Records from a data collection:
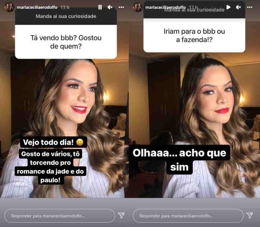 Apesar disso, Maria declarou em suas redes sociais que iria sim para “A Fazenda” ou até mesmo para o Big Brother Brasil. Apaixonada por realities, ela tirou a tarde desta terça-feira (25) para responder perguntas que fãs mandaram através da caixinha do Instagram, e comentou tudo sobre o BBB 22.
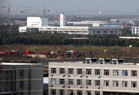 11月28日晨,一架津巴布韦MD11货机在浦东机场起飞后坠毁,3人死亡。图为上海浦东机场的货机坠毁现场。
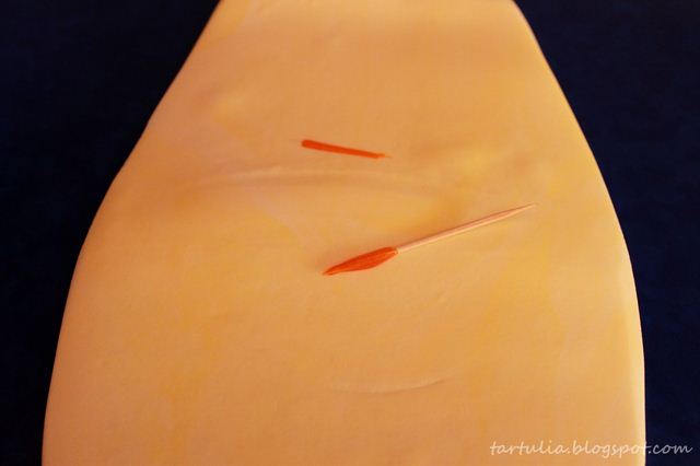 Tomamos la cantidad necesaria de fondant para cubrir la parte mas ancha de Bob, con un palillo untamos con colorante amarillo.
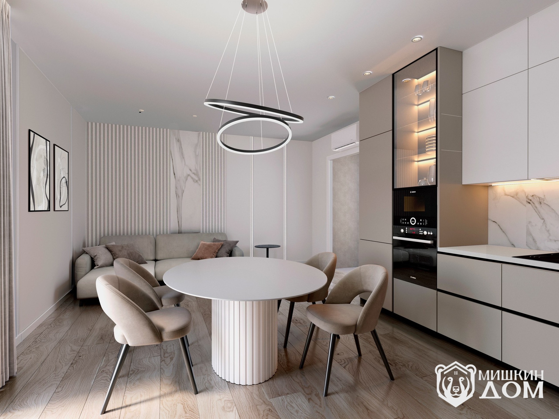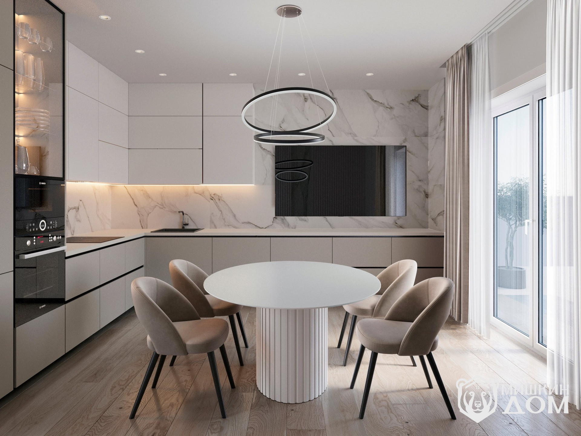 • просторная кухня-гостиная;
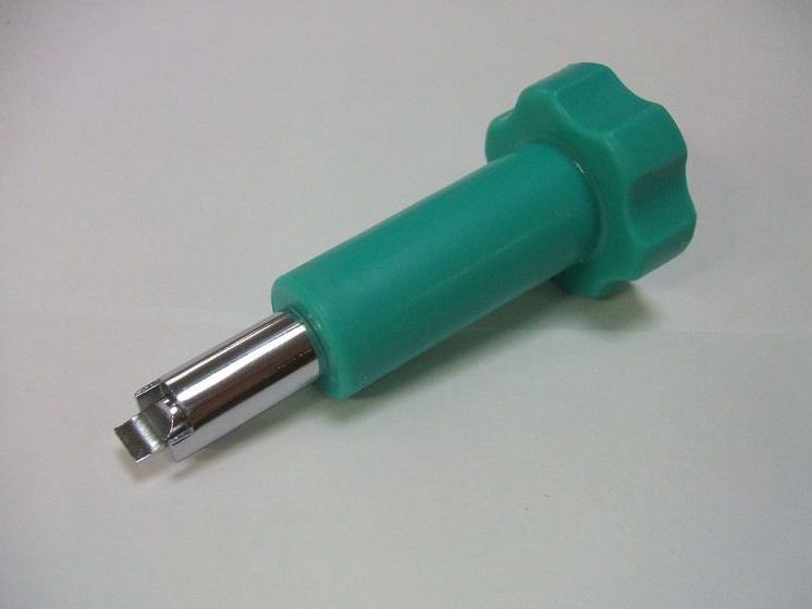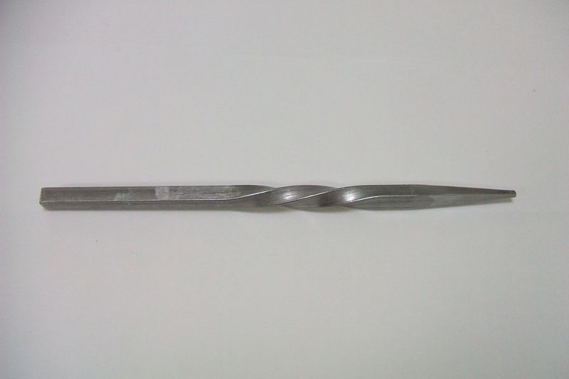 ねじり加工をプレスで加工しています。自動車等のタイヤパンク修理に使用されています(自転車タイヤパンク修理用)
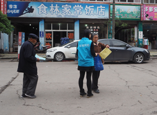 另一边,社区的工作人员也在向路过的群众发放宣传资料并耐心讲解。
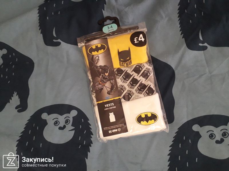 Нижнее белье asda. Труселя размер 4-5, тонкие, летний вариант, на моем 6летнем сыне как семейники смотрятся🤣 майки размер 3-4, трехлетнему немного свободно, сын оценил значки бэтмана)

* [What the exercise asks]:
Please return only the lines from the one holding "ねじり加工をプレスで加工して" through the end of the data, both ends included; do not copy any pictures.

* [Written reply]:
 ねじり加工をプレスで加工しています。自動車等のタイヤパンク修理に使用されています(自転車タイヤパンク修理用)
 另一边,社区的工作人员也在向路过的群众发放宣传资料并耐心讲解。
 Нижнее белье asda. Труселя размер 4-5, тонкие, летний вариант, на моем 6летнем сыне как семейники смотрятся🤣 майки размер 3-4, трехлетнему немного свободно, сын оценил значки бэтмана)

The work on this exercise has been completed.